You want to retire securely and know that you need to be prepared financially before you take the “leap.” Have you done your homework?
Whether you are decades or years away, solid planning will make your retirement a golden time. Here’s a helpful checklist help you prepare:
- What is your retirement vision? What do you want to do? What would you like to achieve? Think about travel, leisure time and projects. Write them down. Share them with your spouse, partner and family and have a vision in mind.
- Evaluate your health. Be committed to your health and well-being entering retirement. Do you have any chronic conditions or other health problems that may not be fully addressed? Be sure to schedule your teeth cleanings, medical check-ups, eye exams, etc.
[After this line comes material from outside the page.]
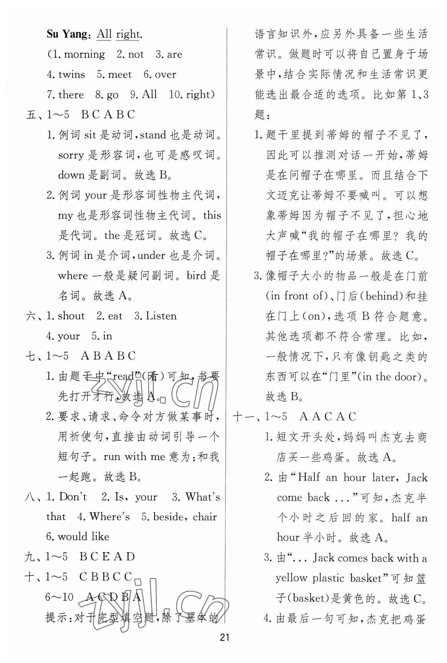 注:目前有些书本章节名称可能整理的还不是很完善,但都是按照顺序排列的,请同学们按照顺序仔细查找。练习册 2023年实验班提优训练三年级英语下册译林版江苏专版 答案主要是用来给同学们做完题方便对答案用的,请勿直接抄袭。

- What will your health insurance coverage look like? Vet your health insurance. What will your annual out-of-pocket expenses likely be? If retiring before 65, keep in mind that Medicare won’t cover you unless you’re completely disabled. Strongly consider a Medicare supplement (“Medigap”) policy to cover expenses that Medicare doesn’t. Consider other supplemental insurance, such as long-term care insurance. Most nursing homes, assisted living and home care are generally not covered by Medicare.
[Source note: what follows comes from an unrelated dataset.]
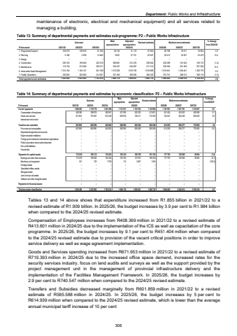 Department: Public Works and Infrastructuremaintenance of electronic, electrical and mechanical equipment) and all services related to managing a building. Table 13: Summary of departmental payments and estimates sub-programme: P2 %u2013 Public Works Infrastructure Outcome Main appropriationAdjusted appropriation Revised estimate Medium-term estimates % change from 2024/25R thousand 2021/22 2022/23 2023/24 2025/26 2026/27 2027/281. Programme Support 136 819 158 570 61 525 28 134 31 116 27 563 28 796 18 211 18 624 4.52. Planning 2 559 5 186 14 845 9 651 27 751 25 947 29 412 32 557 33 475 13.43. Design %u2013 %u2013 %u2013 %u2013 %u2013 %u2013 %u2013 %u2013 %u2013 4. Construction 196 649 250 193 222 574 268 881 214 376 239 604 236 289 161 042 109 172 (1.4)5. Maintenance 212 046 174 754 209 271 234 337 224 967 217 312 239 594 241 350 257 256 10.36. Immovable Asset Management 1 164 147 1 014 184 941 538 1 013 228 1 019 755 1 018 889 1 074 841 1 204 441 1 326 779 5.57. Facility Operations 320 663 252 605 314 061 351 945 382 056 380 420 375 751 388 413 383 110 (1.2)Total payments and estimates 2 032 883 1 855 492 1 763 814 1 906 176 1 900 021 1 909 735 1 984 683 2 046 014 2 128 416 3.92024/25 Table 14: Summary of departmental payments and estimates by economic classification: P2 %u2013 Public Works Infrastructure Outcome Main appropriationAdjusted appropriation Revised estimate Medium-term estimates % change from 2024/25R thousand 2021/22 2022/23 2023/24 2025/26 2026/27 2027/28Current payments 1 080 023 1 176 776 1 053 386 1 131 911 1 153 704 1 132 994 1 191 951 1 257 781 1 318 627 5.2Compensation of employees 408 369 388 879 380 947 431 935 425 293 413 601 451 404 453 532 490 588 9.1Goods and services 671 653 787 897 672 439 699 976 728 411 719 393 740 547 804 249 828 039 2.9Interest and rent on land 1 %u2013 %u2013 %u2013 %u2013 %u2013 %u2013 %u2013 %u2013 Transfers and subsidies 601 859 665 995 540 005 580 955 585 558 585 558 614 939 685 277 770 695 5.0 Provinces and municipalities 601 859 665 995 540 005 580 955 585 558 585 558 614 939 685 277 770 695 5.0Departmental agencies and accounts %u2013 %u2013 %u2013 %u2013 %u2013 %u2013 %u2013 %u2013 %u2013 Higher education institutions %u2013 %u2013 %u2013 %u2013 %u2013 %u2013 %u2013 %u2013 %u2013 Foreign governments and international organisations %u2013 %u2013 %u2013 %u2013 %u2013 %u2013 %u2013 %u2013 %u2013 Public corporations and private enterprises %u2013 %u2013 %u2013 %u2013 %u2013 %u2013 %u2013 %u2013 %u2013Non-profit institutions %u2013 %u2013 %u2013 %u2013 %u2013 %u2013 %u2013 %u2013 %u2013Households %u2013 %u2013 %u2013 %u2013 %u2013 %u2013 %u2013 %u2013 %u2013Payments for capital assets 173 610 190 112 170 423 193 310 160 759 191 183 177 793 102 956 39 094 (7.0)Buildings and other fixed structures 173 079 189 383 162 445 193 195 157 872 189 330 177 793 102 956 39 094 (6.1)Machinery and equipment 531 729 7 978 115 2 887 1 853 %u2013 %u2013 %u2013 (100.0)Heritage Assets %u2013 %u2013 %u2013 %u2013 %u2013 %u2013 %u2013 %u2013 %u2013Specialised military assets %u2013 %u2013 %u2013 %u2013 %u2013 %u2013 %u2013 %u2013 %u2013Biological assets %u2013 %u2013 %u2013 %u2013 %u2013 %u2013 %u2013 %u2013 %u2013Land and sub-soil assets %u2013 %u2013 %u2013 %u2013 %u2013 %u2013 %u2013 %u2013 %u2013Software and other intangible assets %u2013 %u2013 %u2013 %u2013 %u2013 %u2013 %u2013 %u2013 %u2013Payments for financial assets %u2013 %u2013 %u2013 %u2013 %u2013 %u2013 %u2013 %u2013 %u2013Total economic classification 1 855 492 2 032 883 1 763 814 1 906 176 1 900 021 1 909 735 1 984 683 2 046 014 2 128 416 3.92024/25Tables 13 and 14 above shows that expenditure increased from R1.855 billion in 2021/22 to a revised estimate of R1.909 billion. In 2025/26, the budget increases by 3.9 per cent to R1.984 billion when compared to the 2024/25 revised estimate. Compensation of Employees increases from R408.369 million in 2021/22 to a revised estimate of R413.601 million in 2024/25 due to the implementation of the ICS as well as capacitation of the core programme. In 2025/26, the budget increases by 9.1 per cent to R451.404 million when compared to the 2024/25 revised estimate due to provision of the vacant critical positions in order to improve service delivery as well as wage agreement implementation. Goods and Services spending increased from R671.653 million in 2021/22 to a revised estimate of R719.393 million in 2024/25 due to the increased office space demand, increased rates for the security services industry, focus on land audits and surveys as well as the support provided by the project management unit in the management of provincial infrastructure delivery and the implementation of the Facilities Management Framework. In 2025/26, the budget increases by 2.9 per cent to R740.547 million when compared to the 2024/25 revised estimate. Transfers and Subsidies decreased marginally from R601.859 million in 2021/22 to a revised estimate of R585.588 million in 2024/25. In 2025/26, the budget increases by 5 per cent to R614.939 million when compared to the 2024/25 revised estimate, which is lower than the average annual municipal tariff increase of 10 per cent 308

- Decide if you want to work, and if so, how much. You may want to capitalize on a hobby as a part-time job (dog walker, piano lessons, barista). If you’re going to work, try to nail down what hours you want to work and how much you’re hoping to make.
- Pay off any debt. Credit card debt should be the first to go, followed by vehicle, college and home equity loans. Your mortgage payment can be the last to go since it probably has the least amount of interest – and it’s tax deductible. You also may consider selling your home to pay off your mortgage and then renting or buying a smaller place without going into debt.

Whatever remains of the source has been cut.